◆ Problem details
From the line containing "Generative AI : young" down to the line containing "为扎实推进本科教育教学审核评" in the records below, reproduce every line exactly, ends included, and omit all others.

◆ Raw data
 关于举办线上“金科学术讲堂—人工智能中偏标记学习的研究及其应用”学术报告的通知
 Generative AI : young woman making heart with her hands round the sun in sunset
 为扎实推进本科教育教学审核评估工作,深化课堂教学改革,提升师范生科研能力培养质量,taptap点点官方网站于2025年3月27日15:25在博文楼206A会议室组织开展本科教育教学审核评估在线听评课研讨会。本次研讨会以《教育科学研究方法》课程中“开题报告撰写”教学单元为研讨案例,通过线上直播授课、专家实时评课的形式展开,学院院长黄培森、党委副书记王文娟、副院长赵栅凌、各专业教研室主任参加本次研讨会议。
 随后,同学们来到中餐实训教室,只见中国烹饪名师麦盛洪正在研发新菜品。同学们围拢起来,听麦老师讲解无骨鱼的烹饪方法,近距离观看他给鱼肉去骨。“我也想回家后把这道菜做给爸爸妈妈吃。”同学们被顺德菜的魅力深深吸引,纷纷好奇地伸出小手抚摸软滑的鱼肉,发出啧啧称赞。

==

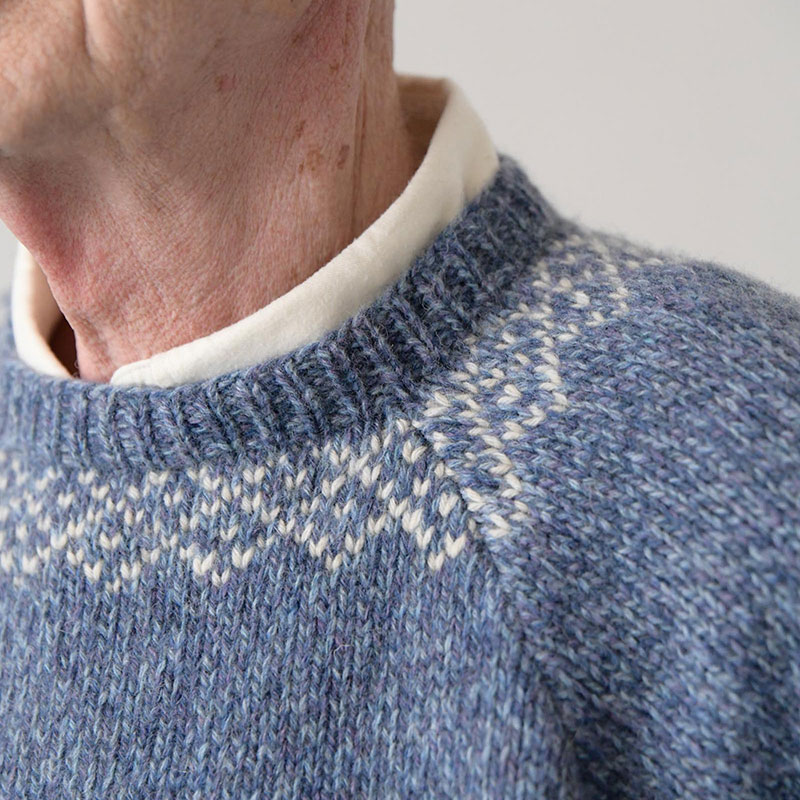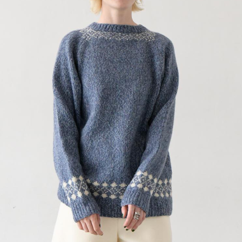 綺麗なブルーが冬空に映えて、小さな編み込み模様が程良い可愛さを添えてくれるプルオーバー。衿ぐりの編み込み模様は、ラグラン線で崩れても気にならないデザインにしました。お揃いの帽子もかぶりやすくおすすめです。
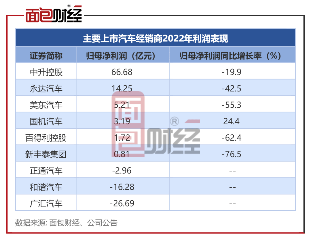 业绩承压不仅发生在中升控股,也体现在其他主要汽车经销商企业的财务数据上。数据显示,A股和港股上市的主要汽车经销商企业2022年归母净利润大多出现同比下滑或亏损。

---

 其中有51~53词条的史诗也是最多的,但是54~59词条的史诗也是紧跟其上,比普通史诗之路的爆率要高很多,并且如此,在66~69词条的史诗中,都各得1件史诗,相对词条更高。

◆ Expected output
 Generative AI : young woman making heart with her hands round the sun in sunset
 为扎实推进本科教育教学审核评估工作,深化课堂教学改革,提升师范生科研能力培养质量,taptap点点官方网站于2025年3月27日15:25在博文楼206A会议室组织开展本科教育教学审核评估在线听评课研讨会。本次研讨会以《教育科学研究方法》课程中“开题报告撰写”教学单元为研讨案例,通过线上直播授课、专家实时评课的形式展开,学院院长黄培森、党委副书记王文娟、副院长赵栅凌、各专业教研室主任参加本次研讨会议。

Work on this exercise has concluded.